The New You
Orion Martin

Paul stopped breathing. He stared at the box in his hands, the wrapping paper covered in Escher-Christmas-trees still hanging from the box like snakeskin.

“What, the fuck, is this?”

Liz couldn’t quite place her father’s anger, so she decided to ignore it. “It’s a voucher for a digital vacation. It’s simple, they make a copy of your mind, let it go on a vacation, and then they upload the memories to you.”

Her father didn’t respond, so Liz continued, “It’s completely safe.”

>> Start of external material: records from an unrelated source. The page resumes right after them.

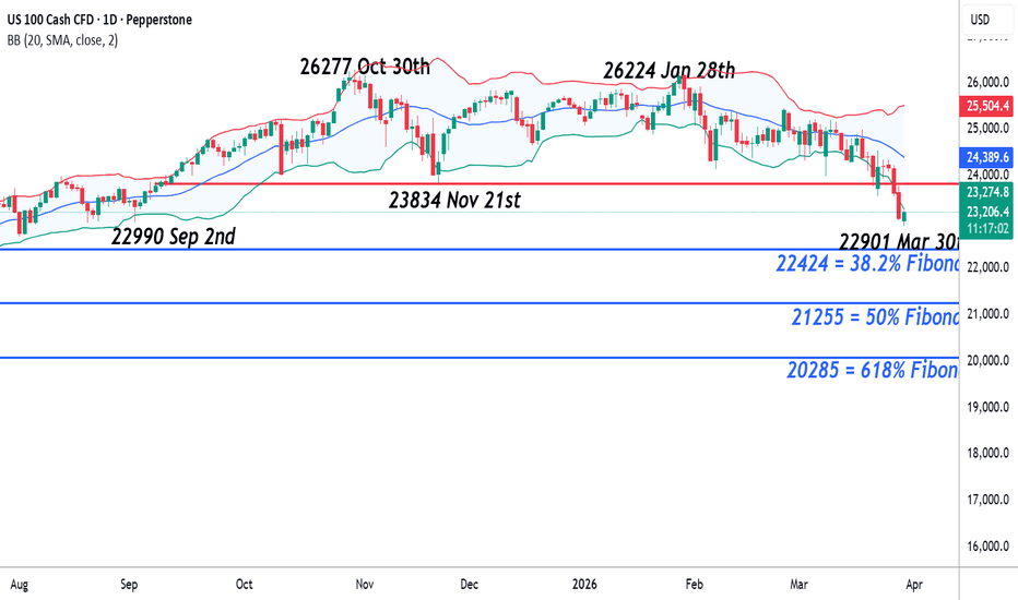 Iran conflict and Key US Data Collide to Influence sentimentIt’s the start of a critical week for US 100 traders. The index entered correction territory on Friday, officially defined as a move of 10% below its previous high, and it briefly extended that fall in early trading this morning when it touched a low of 22901 before recovering to trade around 23162 at time of writing (0700 BST). Part of the reason for the early drop to 8-month lows could have been news of the arrival of 3500 US troops in the Middle East region on Saturday, via an amphibious assault ship (Bloomberg), which has forced traders to consider the possibility of a US led ground assault of Iran, or it could have been news that Iranian backed Houthi rebels in Yemen have officially entered the conflict after firing ballistic missiles at Israel over the weekend, opening up a new risk to oil shipments from the region.
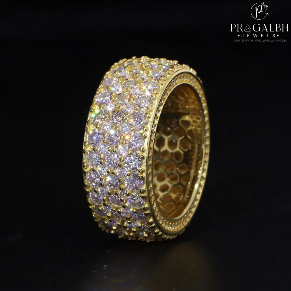 Luxury 5 Layer Moissanite Ring Band for Women Sparkling Statement Wide Band Ring with Multiple Rows of Round Cut Stones
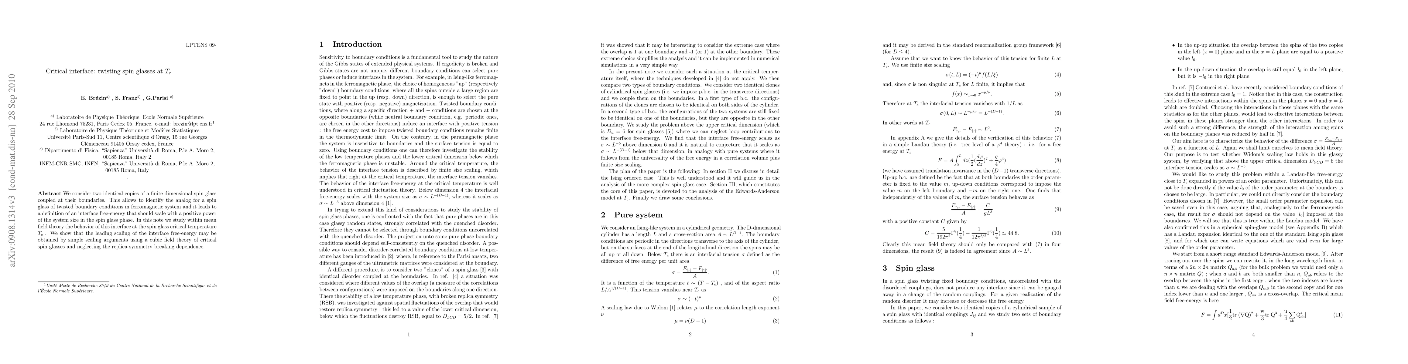 We consider identical copies of spin glasses in finite dimension coupled at the boundaries. This allows to identify the spin glass analogous of twisted boundary conditions in ferromagnetic system and leads to the definition of an interface free-energy that is positively defined and that should scale with a positive power of the system size in the spin glass phase. In this note we study the behavior of the interface at the spin glass critical temperature $T_c$ within mean field theory. We show that the leading scaling of the interface free-energy does not depend on replica symmetry breaking, and can be obtained by simple scaling arguments using a cubic theory for critical spin glasses.
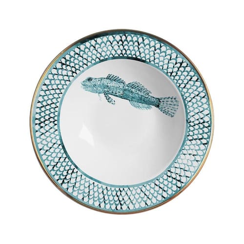 Padrão Riviera: Os pratos são decorados com um padrão que remete à atmosfera descontraída e chique da Riviera, adicionando um toque de elegância à sua mesa.
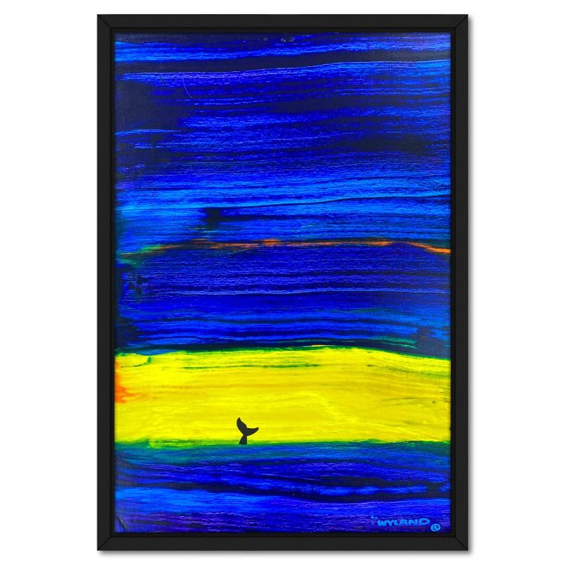 "Whale Tail" is an original acrylic painting on canvas by Wyland, hand signed by the artist. This piece comes custom framed. Includes Letter of Authenticity. Measures approx. 40" x 28" (frame), 38.5" x 26.5" (image). This item requires special handling and may have a longer than usual turnaround.
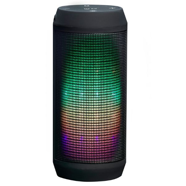 Nabíjecí přenosný Bluetooth reproduktor s FM rádiem s RGB barevnými efekty je ideálním společníkem na cesty, výlety i domácí poslech. Díky kompaktním rozměrům a nízké hmotnosti jej můžete snadno přenášet.

Liz’s mother, Alice, put a single hand on her husband’s shoulder. “Don’t be angry at her. She didn’t know.”

Paul stood up from the table and threw the package to the ground so hard that Liz jumped in surprise. “Jesus, dad. I thought it would be nice to get you something besides a golf club. You don’t have to be a dick about it.” Paul had already left the sun room, and the present lay inert on the tiled floor.

Liz stood and reached for the package.

“Listen, Liz. There’s something I need to tell you.” Alice glanced at the dining room, where Paul was sitting by himself. She thought about going to him, but knew he would need another minute to calm down. “Something happened when you were young that we just don’t talk about, because it brings up some very painful memories for your father.”

“What was it?”

“Well, years ago your father signed up to have his mind digitized. They were going to make a perfect digital copy that would be identical to him, a prototype for digital life.”

“Seriously? How come you never told me?” Liz stared at the half-unwrapped present in her hands. On the cover, a white man walked down the beach with his arm wrapped around the waist of a dark-skinned, hula skirt-clad woman. Behind them was an enormous yacht with two jetskis attached to it. A logo in holographic letters read, “A World of Your Own.” The woman stared sensuously at the man, but he ignored her. Instead, he stared outside the box, meeting Liz’s gaze.

“This was before there were strict controls on digital life, and someone made a mistake,” Alice continued. “A technician left the copy of your father’s mind running while he went to get a cup of coffee.”

“He was only gone for a few minutes, but the digital mind had been set to full speed. Circuitry is much faster than brain tissue, so even though it was just a few minutes, the subjective experience was much longer.”

“I don’t understand,” Liz said.

Alice spoke slowly, “Well, your father’s mind was in that computer, with no stimulus or contact, for what felt to him like tens of thousands of years.”

Liz’s chest felt tight. “What?”

“Of course, by the time they realized the mistake, it was too late. The digital copy of your father had gone completely insane. It didn’t affect your father directly, but it was a copy of his mind that was trapped in thereā€¦ I know it was difficult for him to hear that.”

Liz looked at her father, sitting in the other room. He was hunched over, elbows to knees, facing the wall.

Alice stared out the window. “I’ll never forget what the technician said when we asked him what the digital copy had said. He told us that your father’s mind had been begging for death for thousands of years.”